The United States trucking industry is highly competitive and includes thousands of for-hire motor carriers, none of which dominates the market. Service and price are the principal means of competition in the trucking industry. Measured by annual revenue, the ten largest dry van truckload carriers accounted for approximately $12.0 billion or approximately five percent of annual for-hire truckload revenue in 2003. We compete to some extent with railroads and rail-truck intermodal service but differentiate our self from rail and rail-truck intermodal carriers on the basis of service because rail and rail-truck intermodal movements are subject to delays and disruptions arising from rail yard congestion, which reduces the effectiveness of such service to customers with time-definite pick-up and delivery schedules.

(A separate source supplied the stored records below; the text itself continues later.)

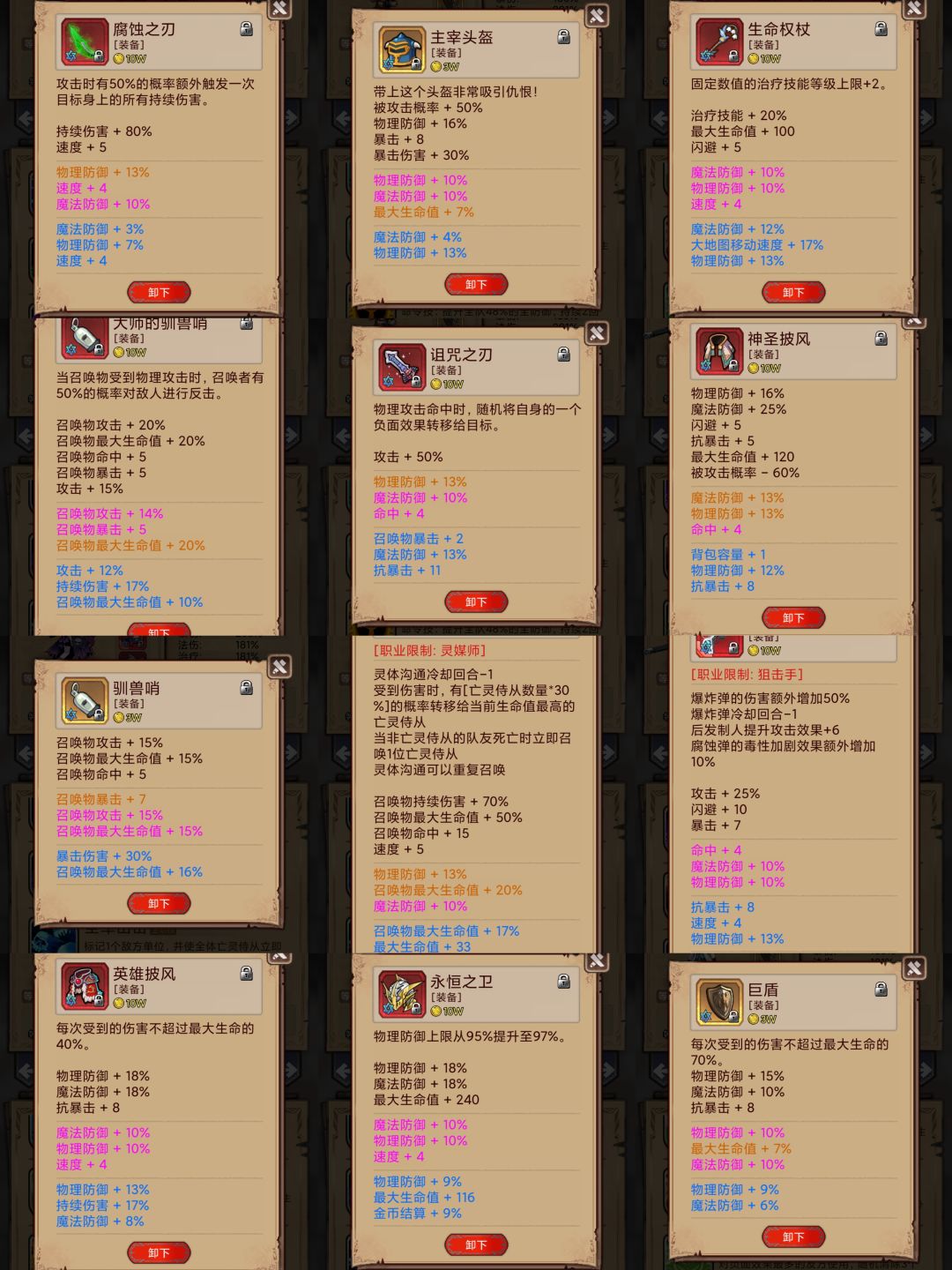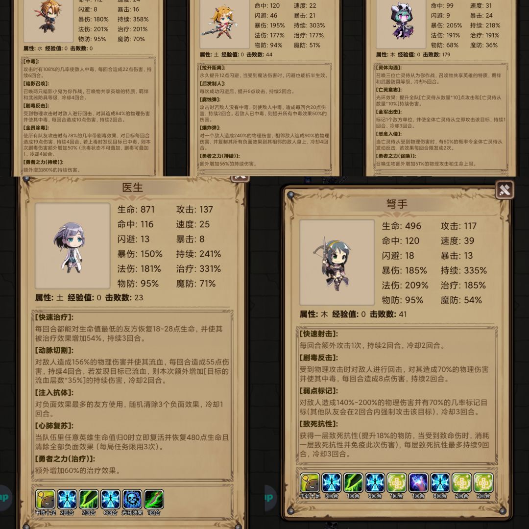 3.195以上:5星灵媒+5星毒镇+5星医生+3星弩手(除灵媒外堆物抗60%~70%以上,弩手有绿刀)
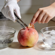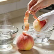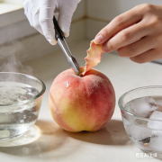 立即捞出桃子,放入冰水中浸泡 2 分钟,果皮会因冷却收缩,十字口处自动翘起
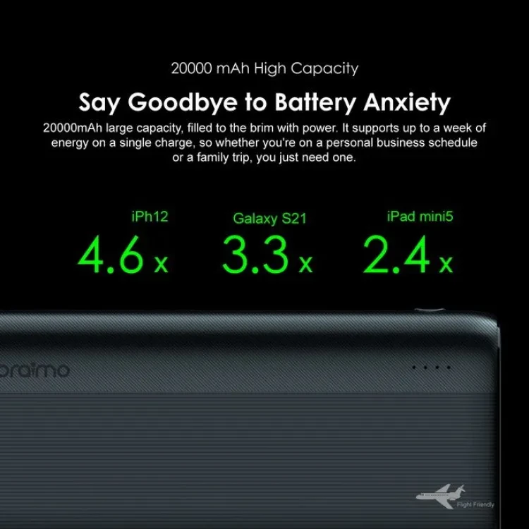 Ultra-High Capacity: 20000mAh capacity for extended usage.
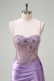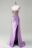Sparkly Purple Mermaid Watteau Train Sheer Ruched Corset Long Prom Dress with Slit
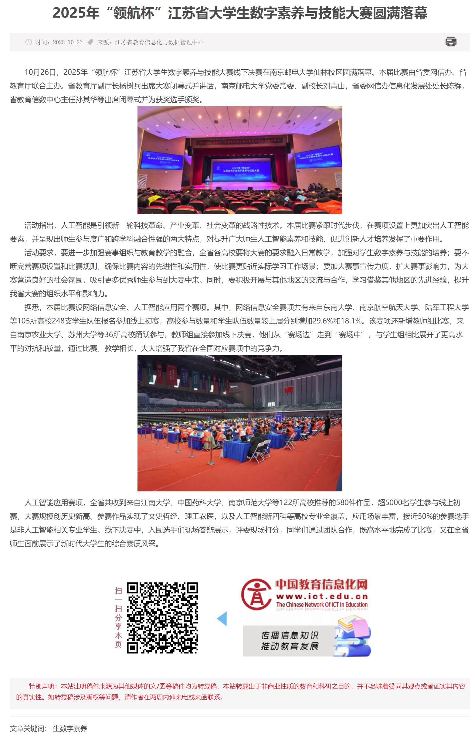 【中国教育信息化网】2025年“领航杯”江苏省大学生数字素养与技能大赛圆满落幕
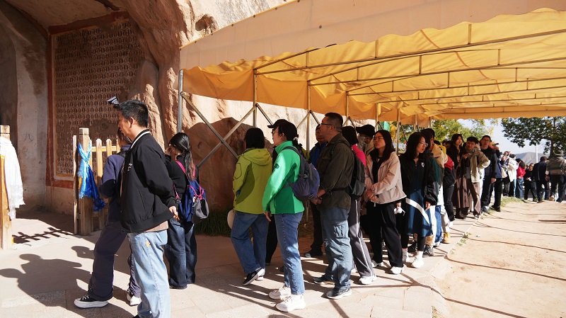 来自厦门的吴智文说:“一直向往‘三十三天’石窟,这个国庆终于成行。我来自海边城市,看到这样的石窟奇观,感觉非常震撼,不虚此行,希望以后还能再来。”
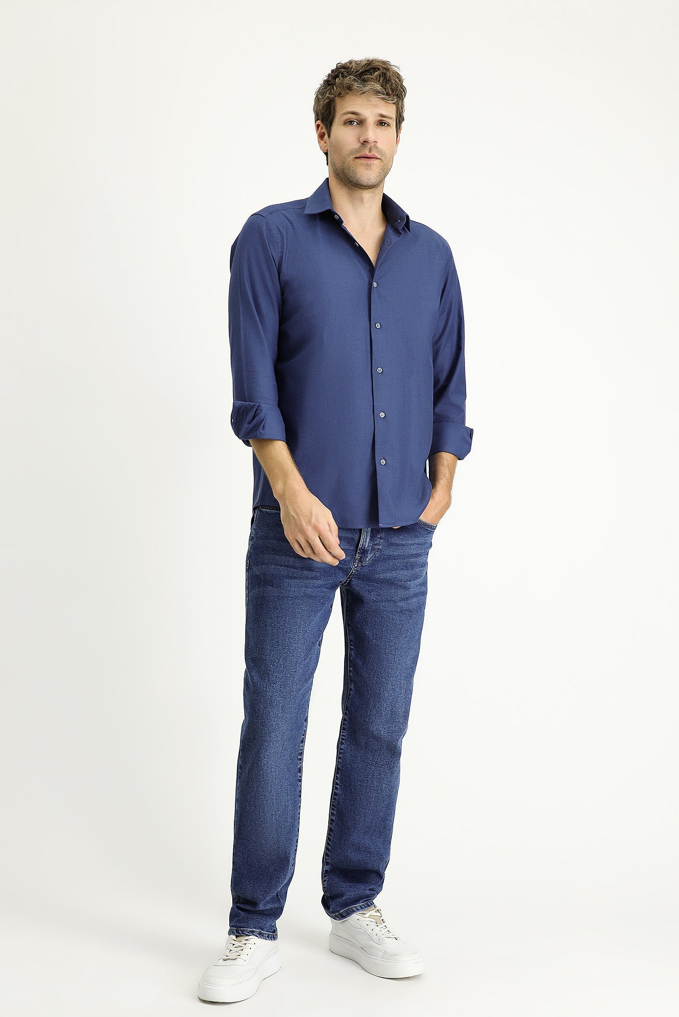 Orta Lacivert Uzun Kol Regular Fit Spor Pamuk Gömlek
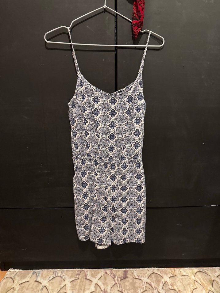 Kadınlar için ince askılı, desenli ve beyaz-gri tonlarda kumaştan yapılmış, vücuda oturan kısa tulum. Günlük sokak stili ve bohem tarzı sunar.
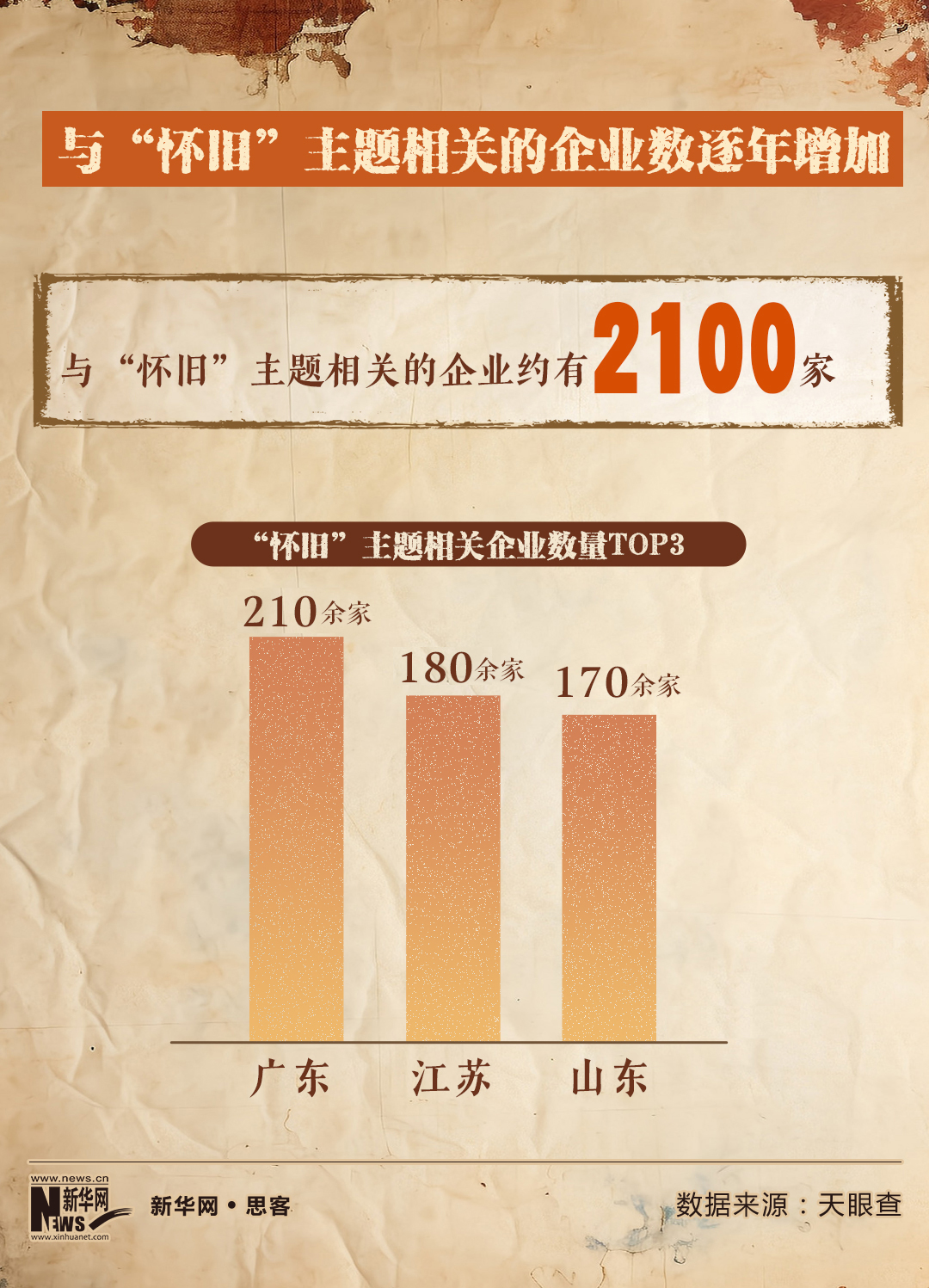 天眼查数据显示,与“怀旧”主题相关的企业约有2100家,其中,广东、江苏以及山东所拥有的企业数量位居前列,分别拥有210余家、180余家以及170余家;从成立时间来看,成立于2000年之前的相关企业拥有20余家。
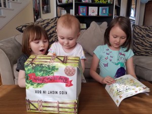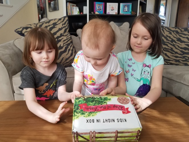 I’m working with Kids Night In Box again this month. My girls were really excited when I told them another box was coming in the mail. The box arrived in the beginning of last week.
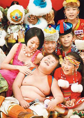 中新網(wǎng)7月23日電 內(nèi)蒙古五彩呼倫貝爾兒童合唱團昨天錄制臺灣綜藝節(jié)目《康熙來了》,小朋友塞爆攝影棚,并和節(jié)目主持人小S玩得不亦樂乎。

We believe that the cost and complexity of operating trucking fleets are increasing and that economic and competitive pressures are likely to force many smaller competitors and private fleets to consolidate or exit the industry over time. As a result, we believe that larger, better capitalized companies, like us, will have opportunities to increase profit margins and gain market share. In the market for dedicated services, we believe that truckload carriers, like us, have a competitive advantage over truck lessors, who are the other major participants in the market, because we can offer lower prices by utilizing back-haul freight within our network that traditional lessors may not have.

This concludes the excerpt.